Chapter 1: Go’nder Holler
The postman paused to wipe the sweat from his dripping brow, then continued up the…was this supposed to be a driveway?
Two dirt ruts meandered up the ridiculously steep hillside, grass growing in between them. Steep was an understatement,
but incredulously, he could see where deer or cows had made paths slanting down the sides. Must be the kind of critters
with two legs shorter than the others. The morning’s rain showers had made the ruts muddy enough that the mail
truck had gotten stuck near the bottom of the trail. Of all days!! In his hand, he had a certified letter which
had to be signed for personally.
This being his second week on the job, he’d never been up the Dennis’s house before, although he’d heard
an earful, none of it too encouraging. The family had lived there for generations and were well known in the valley.
Mr. Dennis had a reputation as a tough old bird. As the postman walked, he noticed dozens of “No Trespassing”
signs tacked to the trees all around him. As if anyone would ever voluntarily set foot inside Go’nder Holler!
But today, he had to.
Damp with sweat from the humid air, trudging along the left-hand rut, he came at last to a clearing and saw what looked
to be the house. One of those ancient farmhouses, with cheap, outlandish-looking additions stuck here and there. The
paint was peeling and chipped, the tin roof sagging and shingled with old beer cans hammered flat. Several outbuildings
were scattered about, covered in brown tar paper. Countless junk cars and old lawn mowers were scattered here and there,
some rusted away right down to the frames. Chickens pecked in the dust, searching for grubs amid the scraggly weeds.

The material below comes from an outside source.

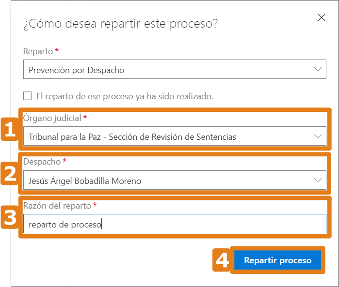 6. Los campos que tienen un asterisco rojo al lado deben completarse de forma obligatoria. Por lo tanto, complete los campos Órgano judicial (1), Despacho (2) y Razón del reparto (3). Para finalizar, haga clic en Repartir proceso (4).

Garbage littered the yard.
As the mailman stepped hesitantly out of the trees, a pack of bluetick hounds commenced to barking and howling. Two
or three raced over to him, causing him to stop short and draw his bag in front of him protectively. The others stayed
where they were, baying lazily at the sky from the porch steps. On the porch itself, a solitary figure clad in Dickies
overalls was seated in a cane chair, whittling. His long black hair, streaked with gray, hung in sweaty strands.
His lower lip was pooched out in a sneer of concentration beneath a dark, jutting brow. The postman guessed that this
must be Mr. Dennis.
“Shut up, you goddam hounds!” The figure on the porch tossed aside his whittling, and reached behind
him for a twelve-gauge shotgun. “Jist you hold it right there.”
“Whoa!” The postman held both hands up in front of his chest. “Just the mail, Mistuh Dennis.
Got you a certified letter what needs signin’.”
“Ah got a perfectly good mailbox down by th’ road. Cain’t you read? I doan’ ‘low
nobody on my land.”
“Th’ letter needs yo’ personal autygraph, Mistuh Dennis. Cain’t just stick it inside the
apple crate like ushual. By the by, y’all got hornets nestin’ in yo’ mailbox. Make my job easier
if you removed ‘em.”
Denny scowled. “You sure you ain’t from the welfare office?”
“I done told you already…I’m jus’ the mailman.”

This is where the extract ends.